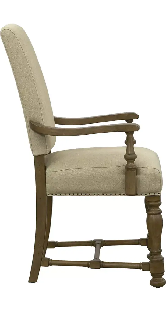Our Avondale armchair shows off understated sophistication. This graceful chair is upholstered in a natural linen fabric and is embellished with nailhead trim. A hand-applied vintage oak distressed finish creates rustic elegance.
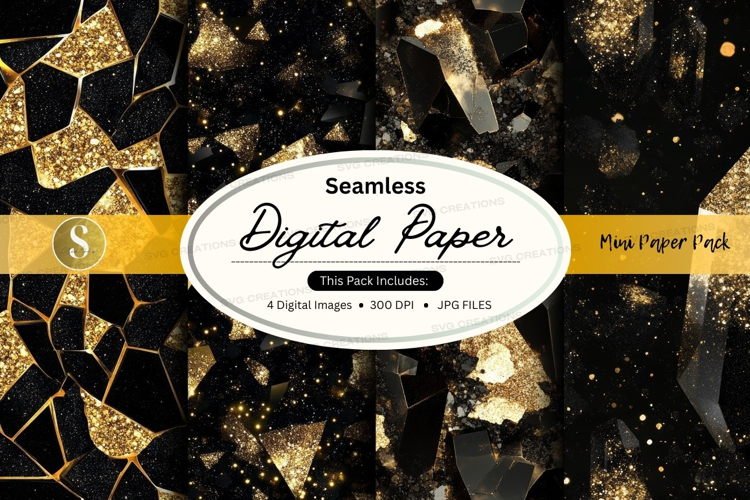 Geometric Gold Pattern Seamless Glitter Luxurious Sparkles Intricate Dark Background
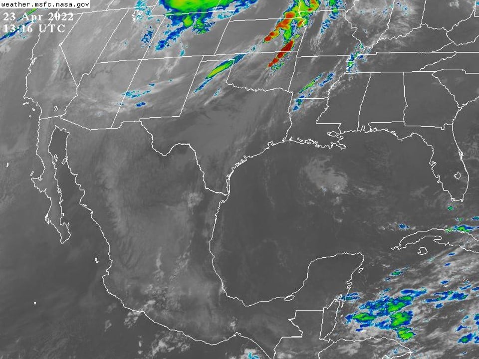 En las próximas 24 horas se esperan lluvias y tormentas aisladas en regiones del noreste, centro, este, sur y sureste del país con los máximos acumulados en el sureste de Coahuila, centro-sur de Nuevo León, norte de San Luis Potosí, Sureste de Guanajuato, sur de Querétaro, centro y sur de Veracruz, Oaxaca, y sectores de la Península de Yucatán. El calor presentará poco cambio en la mayor parte del país, con los valores más altos de la temperatura máxima en Sonora, Sinaloa, Nayarit, Jalisco, suroeste de Guanajuato, Colima, Michoacán, Guerrero, Morelos, suroeste de Puebla, Oaxaca, Chiapas, centro-este de Chihuahua, noreste de Durango, Coahuila, Nuevo León, Tamaulipas, Veracruz, Tabasco y entidades de la Península de Yucatán. Por otra parte, las temperaturas mínimas más bajas se prevén en entidades del noroeste, norte y centro del país, persistiendo la probabilidad de heladas ligeras en la Sierra Madre Occidental. En el litoral y Golfo de México, se prevé viento del Sureste, Este y Noreste de 20 a 35 km/h con rachas de 40 a 55 km/h en el litoral de Texas-norte de Tamaulipas, y sonda de Campeche por la tarde-noche. En el litoral del Pacífico Mexicano se prevé viento del Noroeste y Oeste 20 a 35 km/h con rachas de 40 a 55 km/h en la Península de Baja California. Viento del Oeste con rachas de 50 a 65 km/h por la tarde y noche es posible en la Mesa del Norte.

|---|

» TASK PROMPT:
Repeat the data verbatim through the "Geometric Gold Pattern" line, no pictures.

» RESPONSE AREA:
Our Avondale armchair shows off understated sophistication. This graceful chair is upholstered in a natural linen fabric and is embellished with nailhead trim. A hand-applied vintage oak distressed finish creates rustic elegance.
 Geometric Gold Pattern Seamless Glitter Luxurious Sparkles Intricate Dark Background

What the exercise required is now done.